◆ **What the task requires**
Search the records for the line with "Midjourney Bot 更新时间:2025-12-23". Output that line and each line after it, exactly, and stop at the end; omit pictures.
+===+
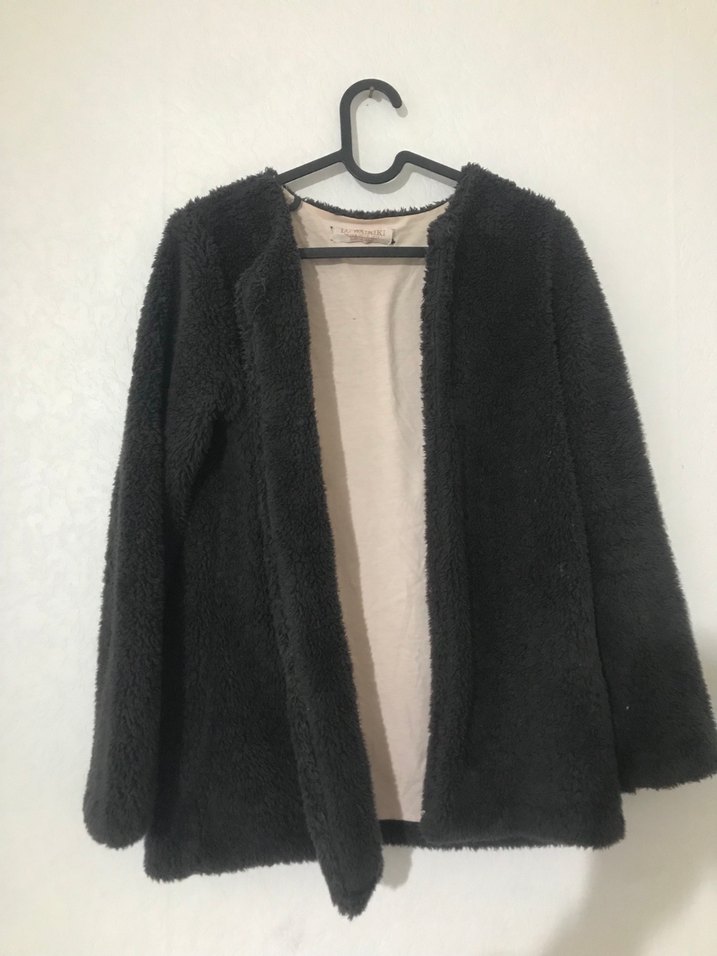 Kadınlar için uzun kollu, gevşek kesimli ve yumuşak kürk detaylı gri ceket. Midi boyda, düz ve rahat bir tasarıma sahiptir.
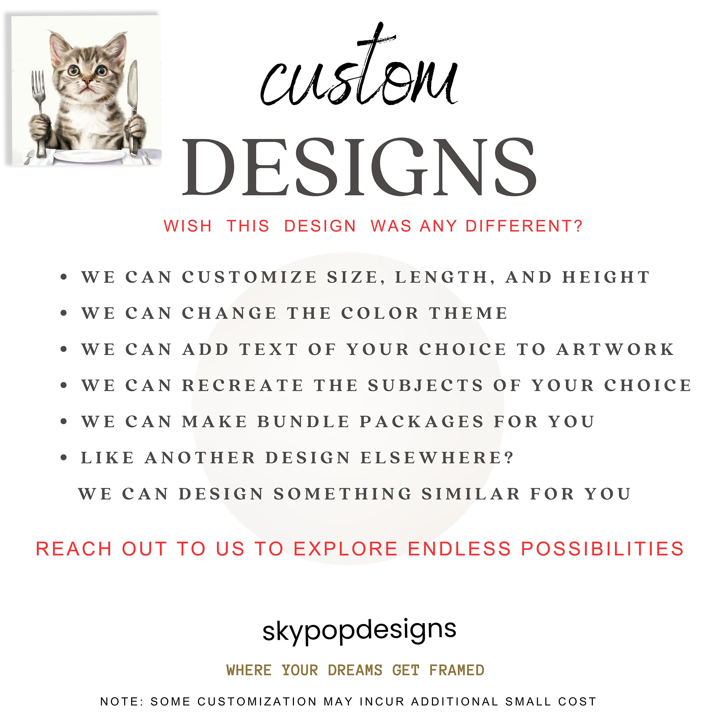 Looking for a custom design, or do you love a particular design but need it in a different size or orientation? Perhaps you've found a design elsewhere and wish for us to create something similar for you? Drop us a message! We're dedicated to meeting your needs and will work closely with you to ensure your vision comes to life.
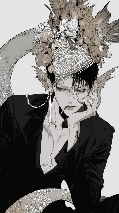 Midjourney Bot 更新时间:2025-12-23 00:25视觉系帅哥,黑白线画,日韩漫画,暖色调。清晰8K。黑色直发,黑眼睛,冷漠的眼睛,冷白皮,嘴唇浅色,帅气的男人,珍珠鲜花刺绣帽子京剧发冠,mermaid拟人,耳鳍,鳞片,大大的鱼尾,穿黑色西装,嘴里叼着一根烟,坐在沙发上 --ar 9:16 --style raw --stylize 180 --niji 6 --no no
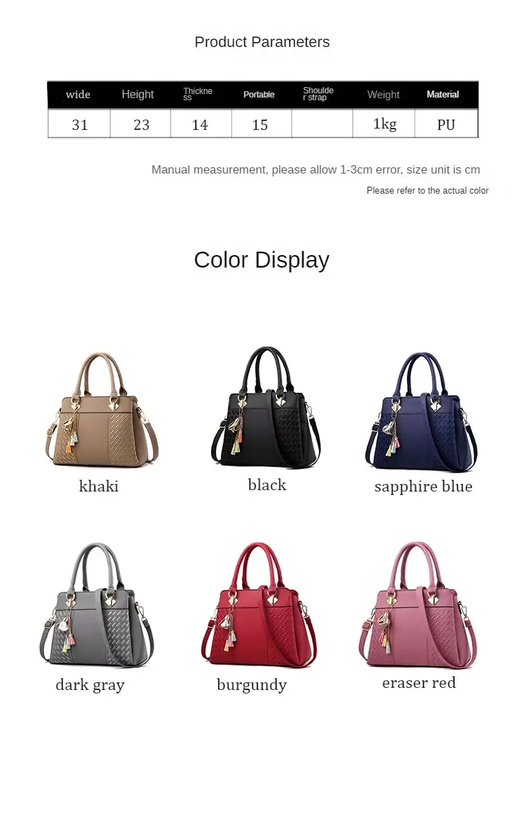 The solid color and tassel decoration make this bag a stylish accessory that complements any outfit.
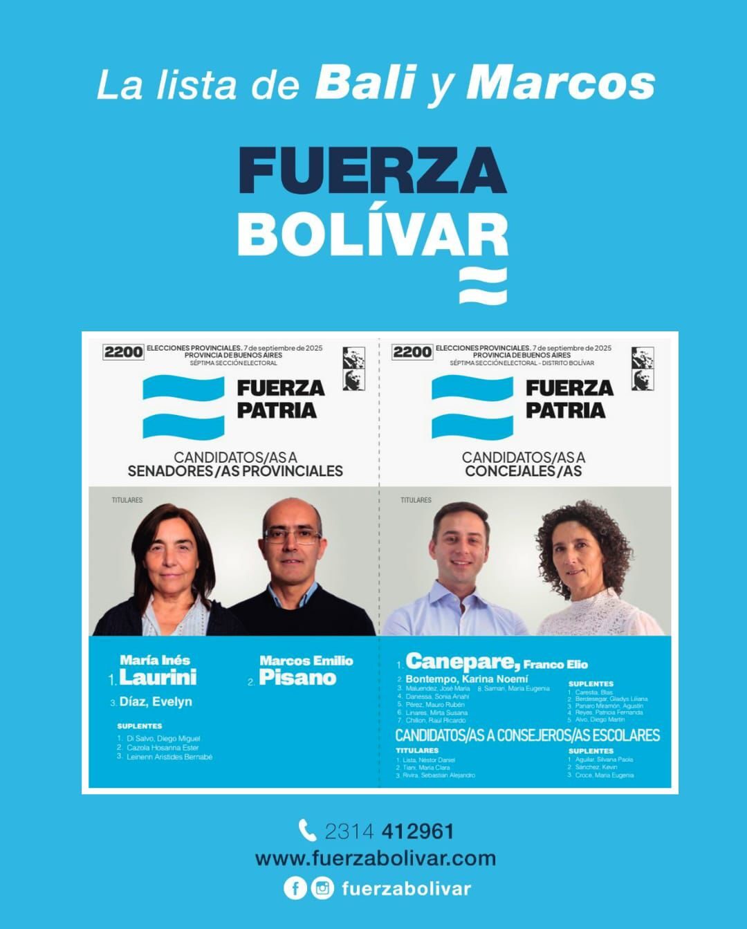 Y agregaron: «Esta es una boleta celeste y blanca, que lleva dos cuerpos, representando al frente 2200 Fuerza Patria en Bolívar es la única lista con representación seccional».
+===+
◆ **Answer to the exercise**
 Midjourney Bot 更新时间:2025-12-23 00:25视觉系帅哥,黑白线画,日韩漫画,暖色调。清晰8K。黑色直发,黑眼睛,冷漠的眼睛,冷白皮,嘴唇浅色,帅气的男人,珍珠鲜花刺绣帽子京剧发冠,mermaid拟人,耳鳍,鳞片,大大的鱼尾,穿黑色西装,嘴里叼着一根烟,坐在沙发上 --ar 9:16 --style raw --stylize 180 --niji 6 --no no
 The solid color and tassel decoration make this bag a stylish accessory that complements any outfit.
 Y agregaron: «Esta es una boleta celeste y blanca, que lleva dos cuerpos, representando al frente 2200 Fuerza Patria en Bolívar es la única lista con representación seccional».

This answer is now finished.